─── Data extracts

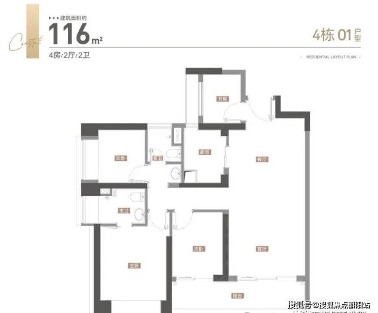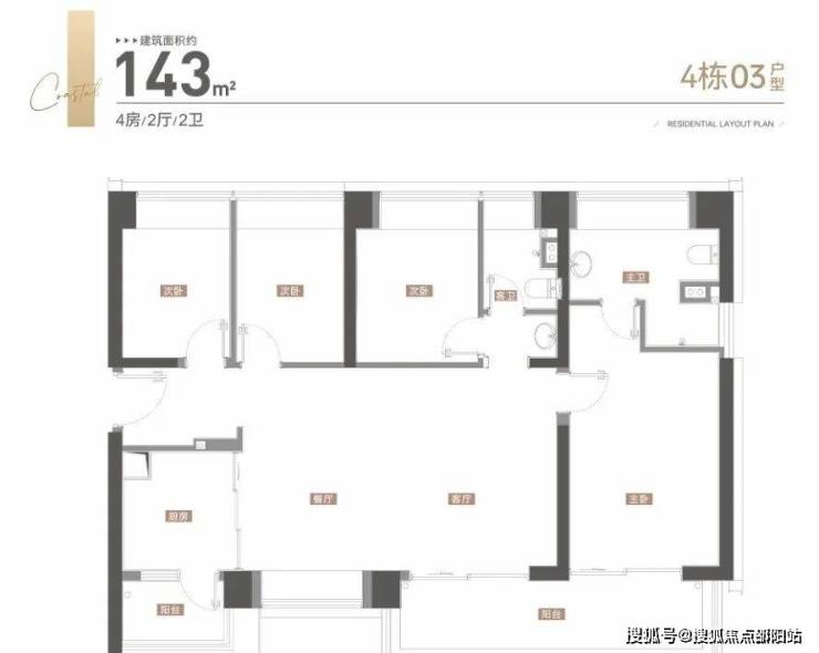 01-02户型116平3房2卫,03、05户型142平4房2卫,04户型120平3房2卫,4梯5户,层高3.1米;
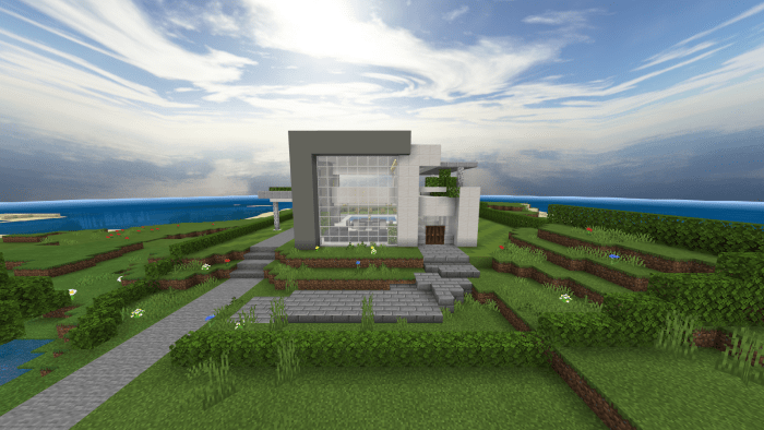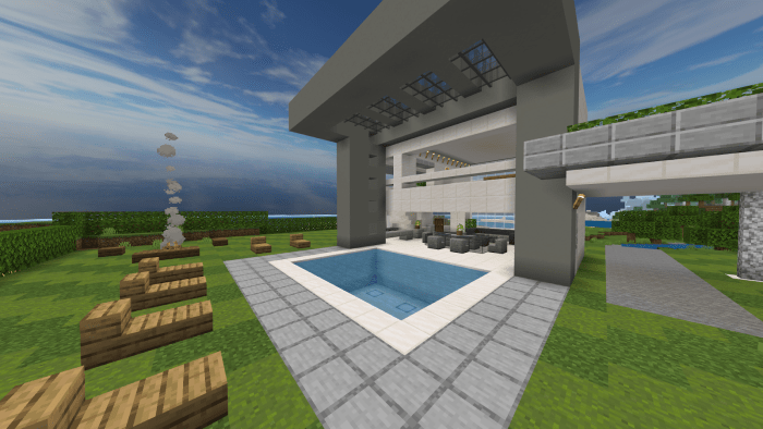 A compact contemporary residence Minecraft Bedrock map titled «Mini Modern House» features a minimalist aesthetic, complete with a swimming pool, kitchen, dining area, and an extra room. Who would have imagined that such a tiny house could accommodate everything a Minecraft character needs!
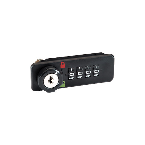 Serrure à combinaison mécanique à 4 chiffres.Pour épaisseur de porte de 1 à 21,5mm.Système de clé passe partout.Code fixe.Convient aux épaisseurs de porte de 1 à 21,5 mm.Plaque de fixation obligatoire et clé passe en option (voir les accessoires)
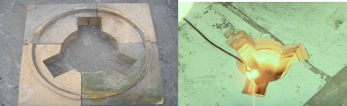 (1)爐膛型磚由于考慮到砌爐工人的勞動(dòng)強(qiáng)度大的因素,原來結(jié)構(gòu)采用的是組合式結(jié)構(gòu),強(qiáng)度較差,有以下弊病:縫隙較多,易滲鹽;拉刀爐實(shí)際使用中熱脹冷縮時(shí),型磚容易從組合相接處開裂。原組合好的型磚如圖2所示。
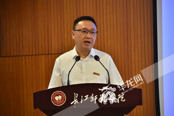 長(zhǎng)江師范學(xué)院黨委書(shū)記彭壽清結(jié)合建設(shè)背景、學(xué)科優(yōu)勢(shì)、人才培養(yǎng)模式等方面介紹“新師范”建設(shè)行動(dòng)計(jì)劃周濤攝
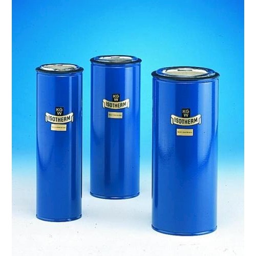 Wykonane ze szkła DURAN®. Zgodne z normą DIN EN ISO 16496. Kształt cylindryczny, wąski. Z metalową obudową, malowaną proszkowo na kolor niebieski. Każde z naczyń może zostać dostarczone bez obudowy, nieposrebrzone lub z przezroczystym nieposrebrzonym paskiem do obserwowania zawartości. Korki należy zamawiać osobno.
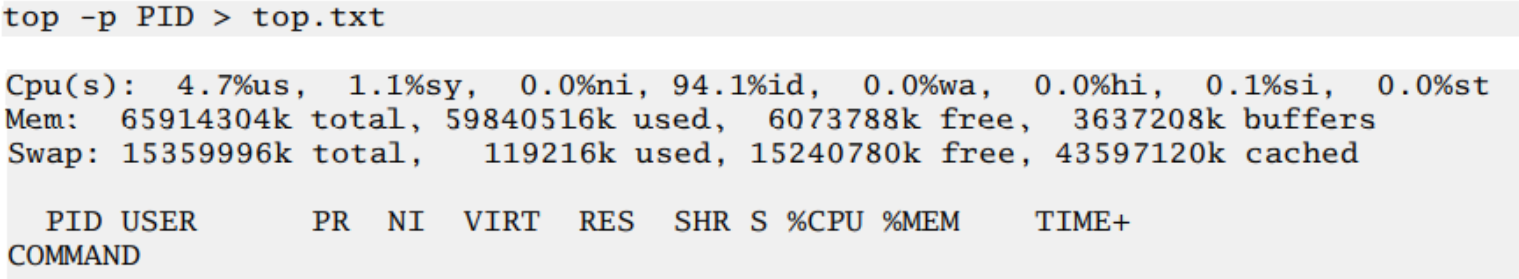 top command works on Linux platforms only.The top command is used for memory and CPU monitoring.
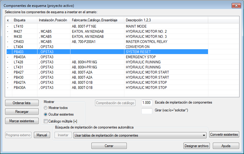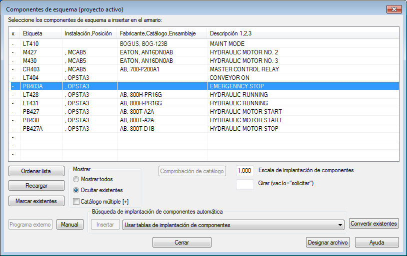 1. En el cuadro de diálogo Componentes de esquema (proyecto activo), seleccione: PB403A OPSTA3 EMERGENCY STOP.
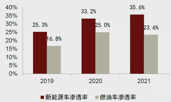 图表:氛围灯在新能源汽车中的渗透率高于燃油车
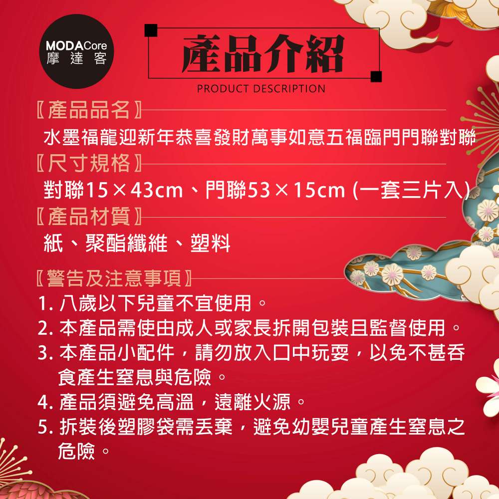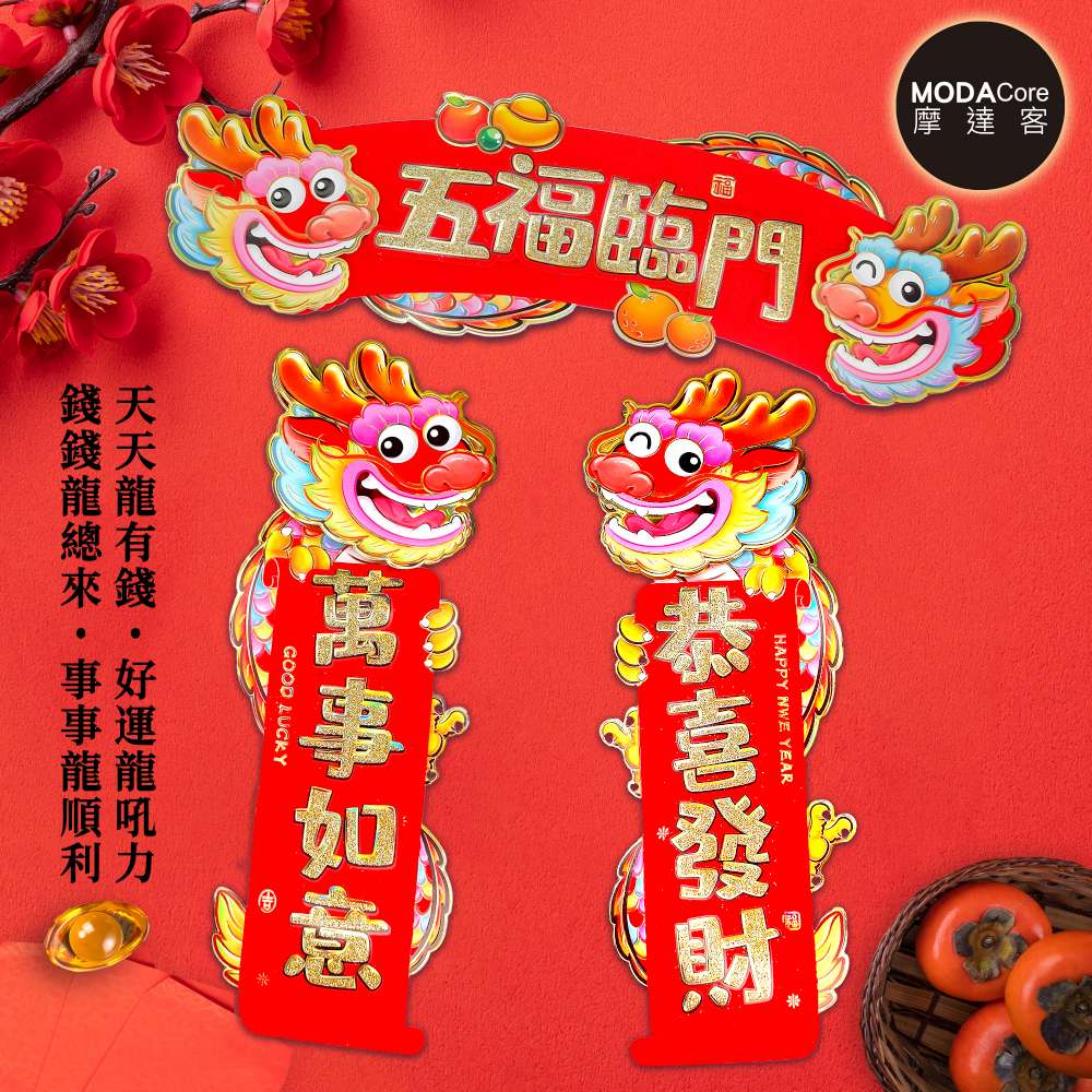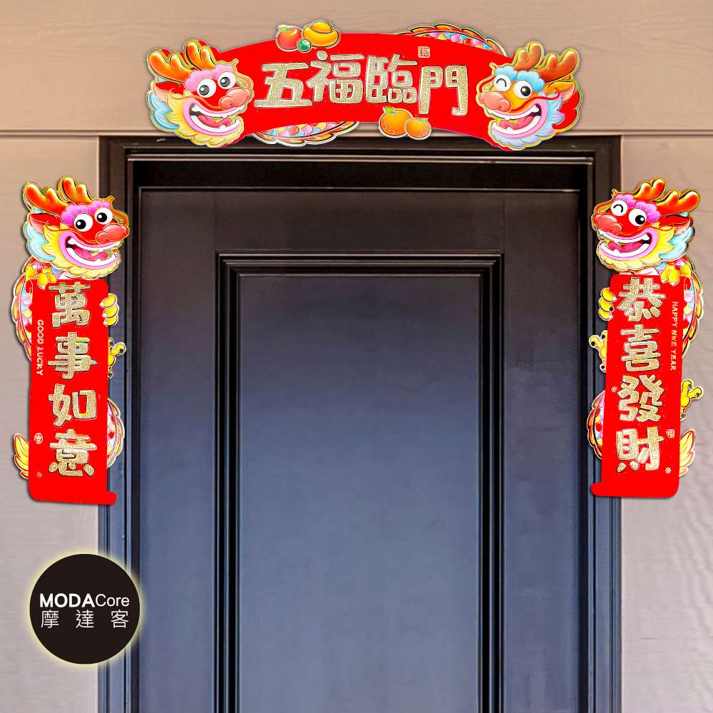 摩達客◉春節開運招財◉龍年五福臨門恭喜發財萬事如意門聯三片組-橫批+左右對聯春聯
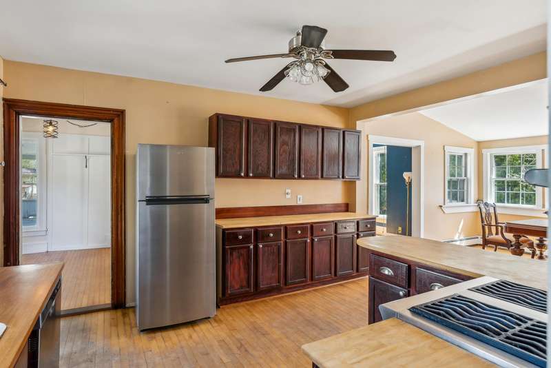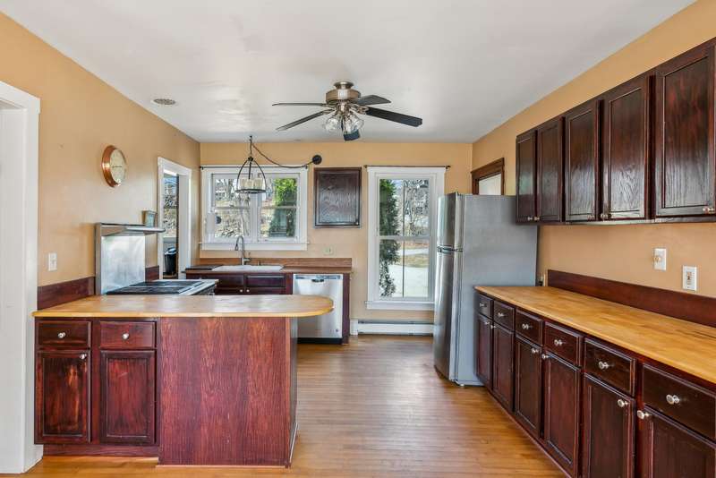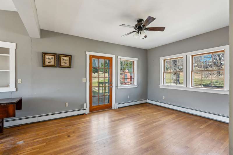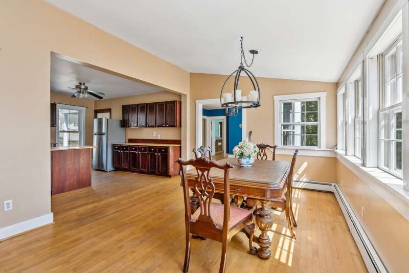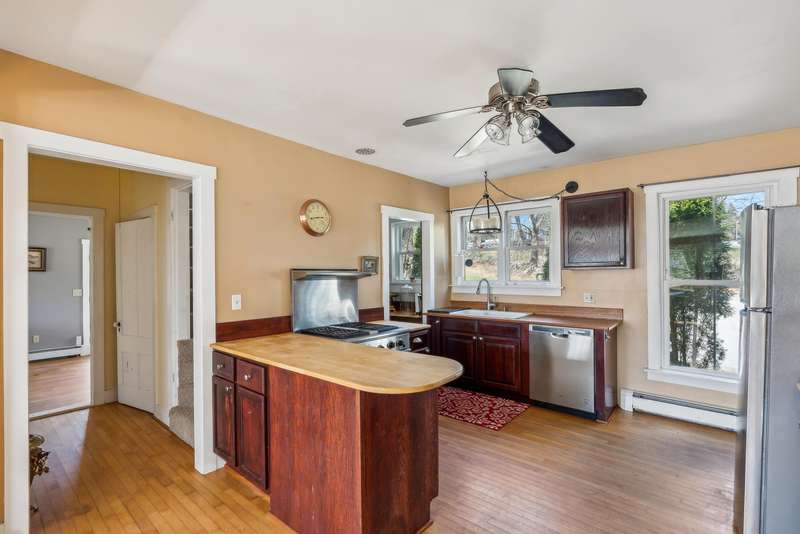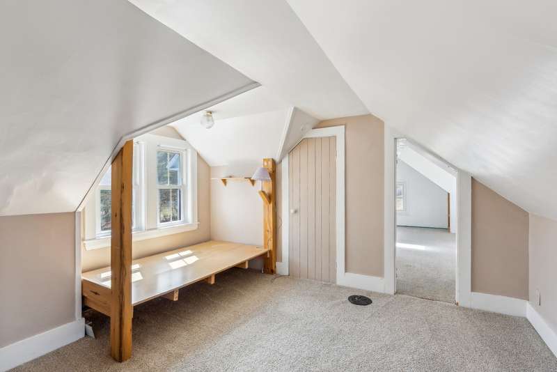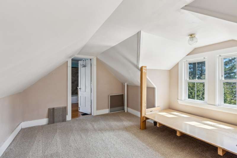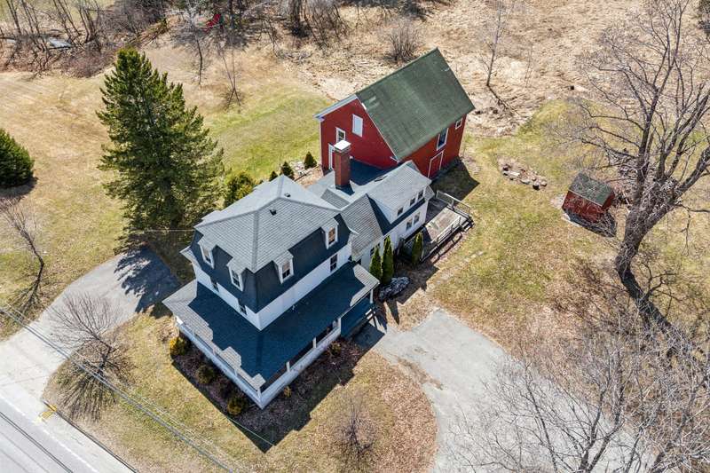 This 1891 farmhouse is nestled on 11 acres just minutes from Maranacook Lake and downtown Winthrop. Featuring four spacious bedrooms and two full bathrooms, this home blends historic character with modern comfort. The main floor boasts an open, flowing layout ideal for both everyday living and entertaining, with versatile spaces perfect for a home office, library, or den. Natural light pours in through large windows, and the classic wrap-around porch invites you to relax and soak in the surroundings. There's a first-floor bedroom and bathroom and upstairs, you'll find Three-four generously sized bedrooms. The third floor features an unfinished room beneath a distinctive mansard-style roof, wrapped in 360° windows offering views of Maranacook Lake. Whether imagined as an inspiring art studio, luxurious primary suite, playful retreat, or tranquil office, this space is brimming with potential. A classic red barn with multiple levels adds even more value—offering incredible storage, a possible rec room, or creative workshop space. With seasonal lake views from every floor, plenty of room to roam, and easy access to both natural beauty and town amenities, this property is a rare opportunity to own a piece of Maine's charm and history.
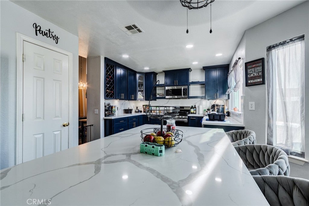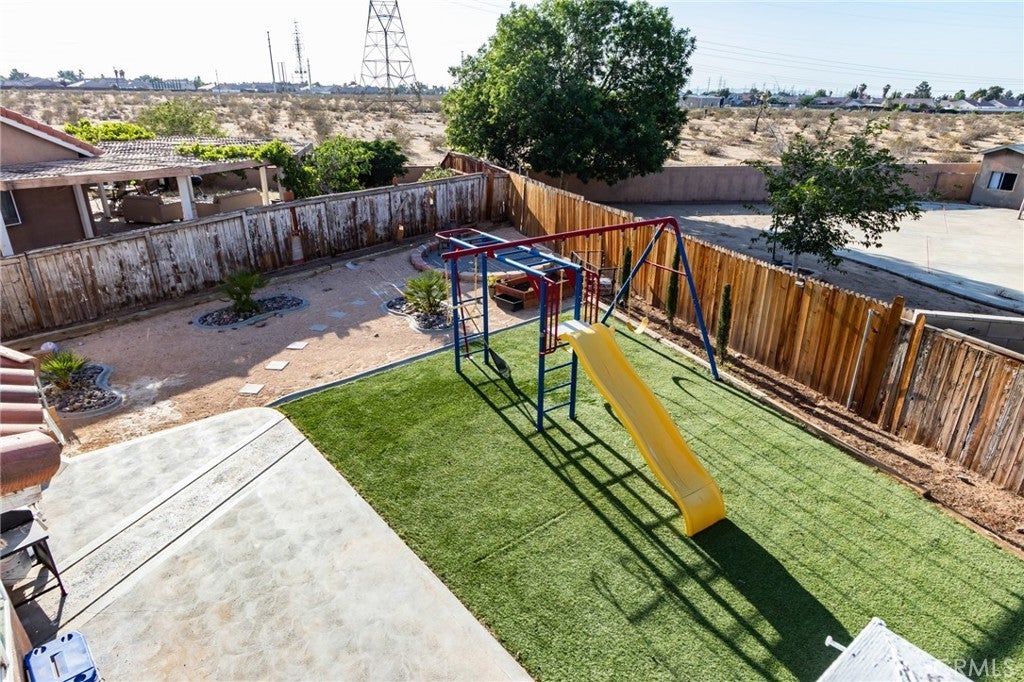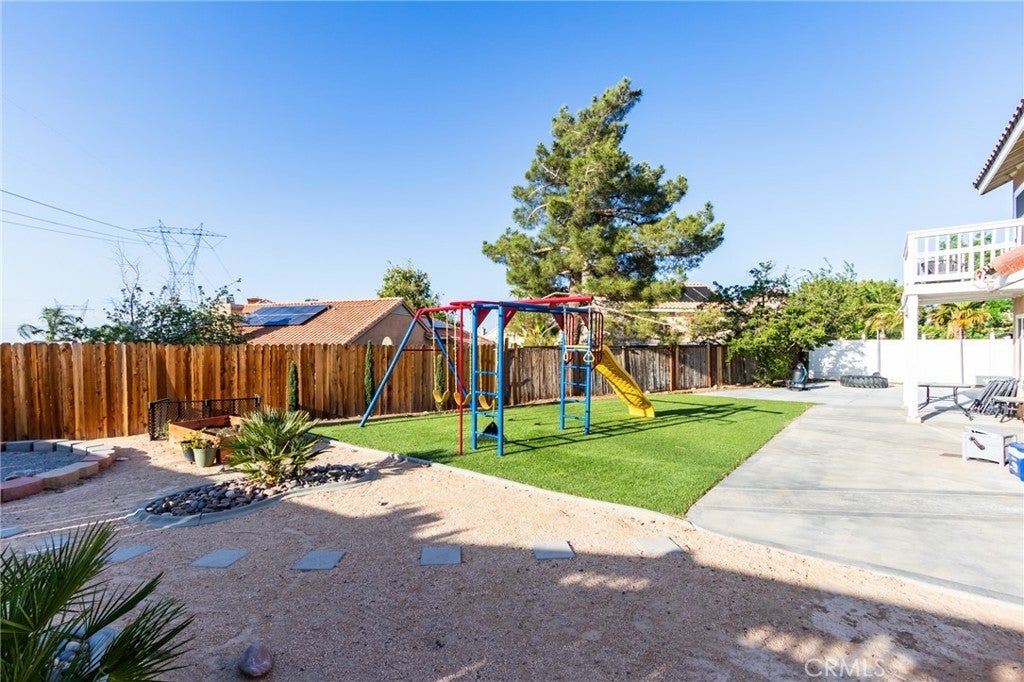 Welcome to 13198 Blue Mesa Ct, a beautifully upgraded 5-bed, 3-bath home nestled in a quiet cul-de-sac in Victorville. With approximately 2,233 sq ft of living space on an 8,200 sq ft lot, this residence offers comfort, style, and functionality for modern family living. Step inside to discover a thoughtful layout with one bedroom and a full bath conveniently located on the main level — perfect for guests or multi-generational living. Upstairs you’ll find the spacious primary suite with a private balcony, three additional bedrooms, and two more full baths. The open living areas include a cozy family room with a fireplace, an eat-in kitchen, and a formal dining area, all enhanced by vaulted ceilings that create a bright, airy atmosphere. This home has been updated for peace of mind and efficiency, featuring brand new dual-pane windows, a new HVAC system and furnace, new water heater, and wireless smart thermostat. Enjoy the large backyard with plenty of space for entertaining, gardening, or even adding a pool. Additional highlights include RV parking, a 3-car garage, and a low-maintenance front yard. Located near shopping, schools, and freeway access — with no HOA — this home combines convenience with flexibility. Don’t miss your chance to own this Victorville gem that’s move-in ready and full of potential! Schedule your private showing today.

──────

How to complete this task: Working from the data above, repeat exactly, and only, the lines that begin at the line containing "图表:氛围灯在新能源汽车中的渗透率高于燃油车" and stop after the line containing "This 1891 farmhouse"; pictures are not copied.

Exercise response:
 图表:氛围灯在新能源汽车中的渗透率高于燃油车
 摩達客◉春節開運招財◉龍年五福臨門恭喜發財萬事如意門聯三片組-橫批+左右對聯春聯
 This 1891 farmhouse is nestled on 11 acres just minutes from Maranacook Lake and downtown Winthrop. Featuring four spacious bedrooms and two full bathrooms, this home blends historic character with modern comfort. The main floor boasts an open, flowing layout ideal for both everyday living and entertaining, with versatile spaces perfect for a home office, library, or den. Natural light pours in through large windows, and the classic wrap-around porch invites you to relax and soak in the surroundings. There's a first-floor bedroom and bathroom and upstairs, you'll find Three-four generously sized bedrooms. The third floor features an unfinished room beneath a distinctive mansard-style roof, wrapped in 360° windows offering views of Maranacook Lake. Whether imagined as an inspiring art studio, luxurious primary suite, playful retreat, or tranquil office, this space is brimming with potential. A classic red barn with multiple levels adds even more value—offering incredible storage, a possible rec room, or creative workshop space. With seasonal lake views from every floor, plenty of room to roam, and easy access to both natural beauty and town amenities, this property is a rare opportunity to own a piece of Maine's charm and history.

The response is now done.